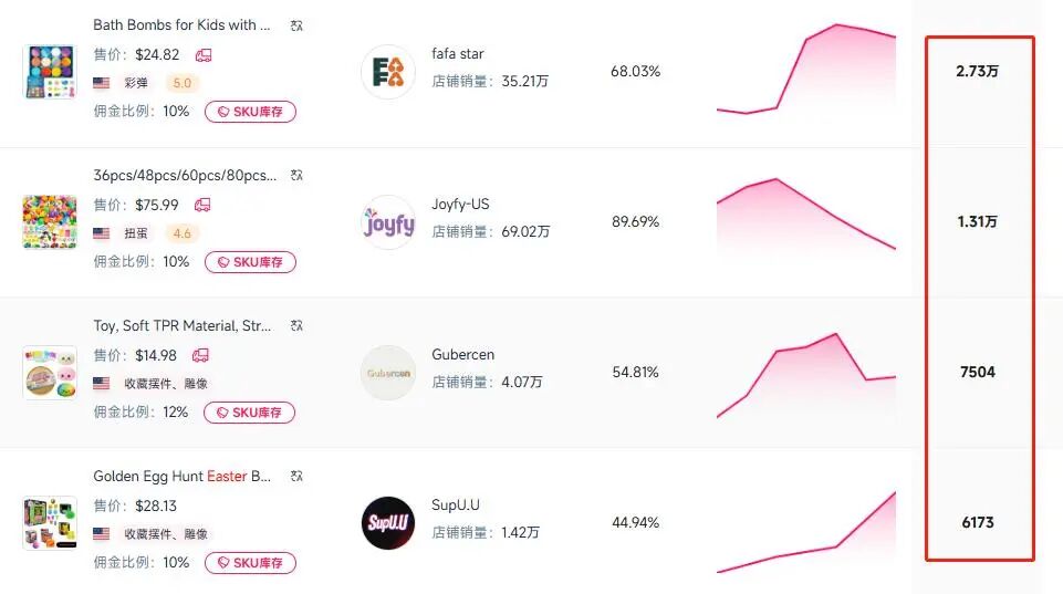 其中,复活节主题玩具彩蛋表现尤为亮眼,该产品2024年上架,近30天已卖出5.79万单,总销售额达191.56万(约合人民币1321万元)。
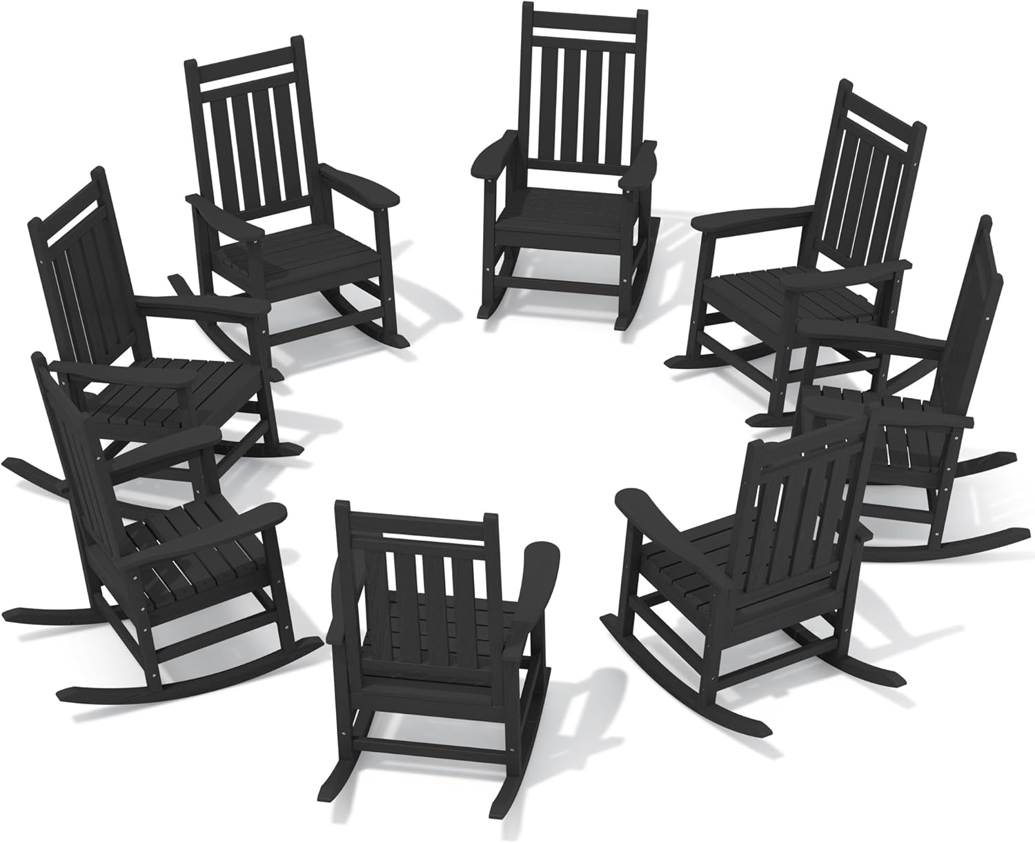 SERWALL HDPE Outdoor Rocking Chair Set of 8, Patio Rocking Chairs for Adults, All Weather Outdoor Rockers for Lawn, Black
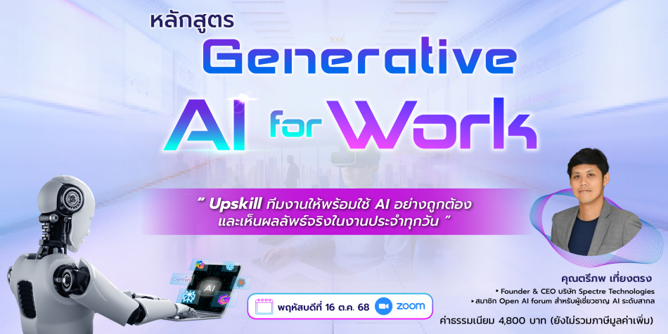"ยกระดับธุรกิจของคุณด้วย Generative AI ที่จะช่วยเพิ่มความ Productivity ในการทำงาน สามารถปฏิบัติงานจริงหลังจบคอร์สทันที"
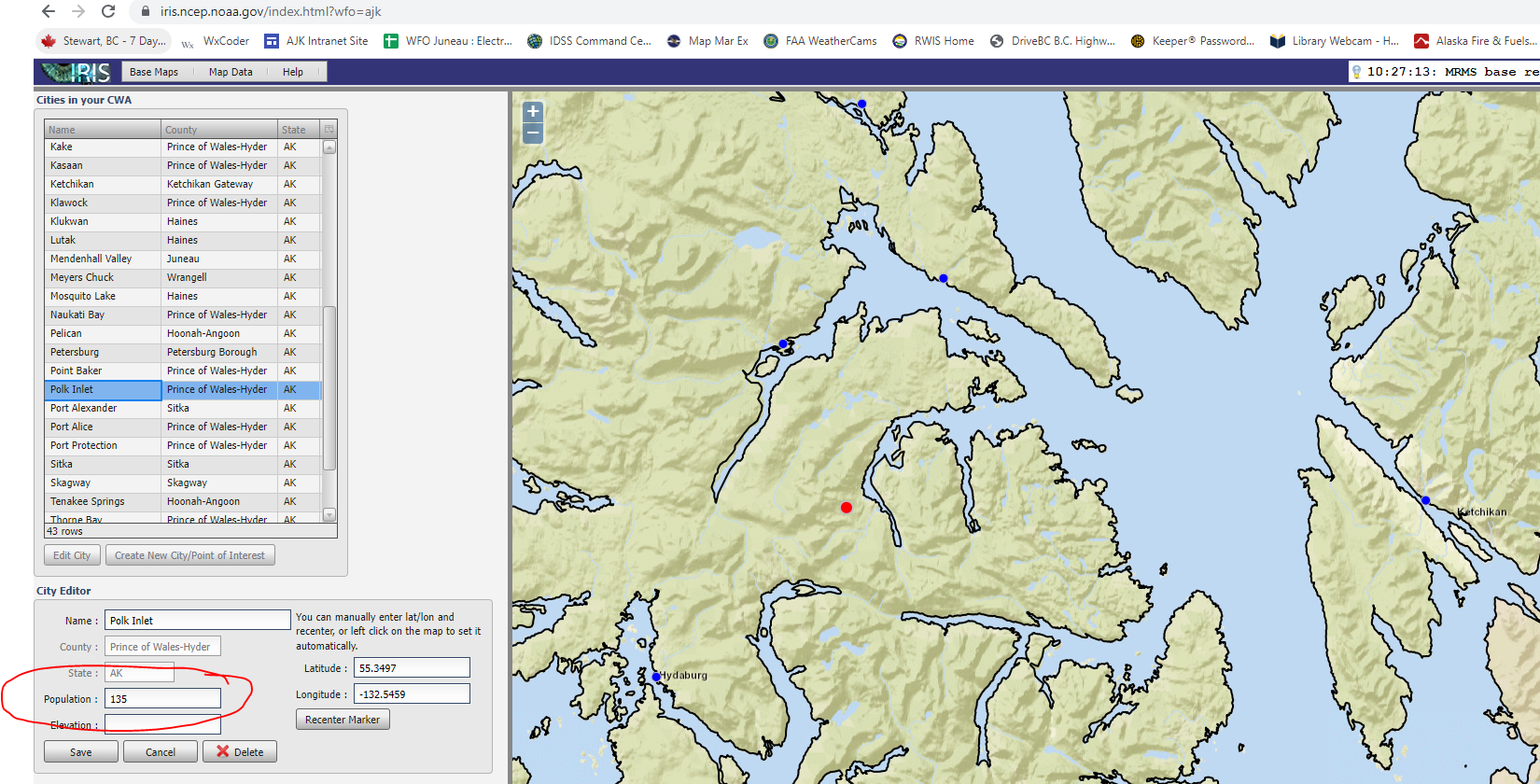 It was discovered that two of our CWA main cities were no longer in

::::

-- Task details --
Your answer must be the exact lines from the start of the data through the line with "Generative AI ที่จะช่วยเพิ่มความ", inclusive, and nothing else; pictures do not belong in it.

-- Solution to this exercise --
 其中,复活节主题玩具彩蛋表现尤为亮眼,该产品2024年上架,近30天已卖出5.79万单,总销售额达191.56万(约合人民币1321万元)。
 SERWALL HDPE Outdoor Rocking Chair Set of 8, Patio Rocking Chairs for Adults, All Weather Outdoor Rockers for Lawn, Black
"ยกระดับธุรกิจของคุณด้วย Generative AI ที่จะช่วยเพิ่มความ Productivity ในการทำงาน สามารถปฏิบัติงานจริงหลังจบคอร์สทันที"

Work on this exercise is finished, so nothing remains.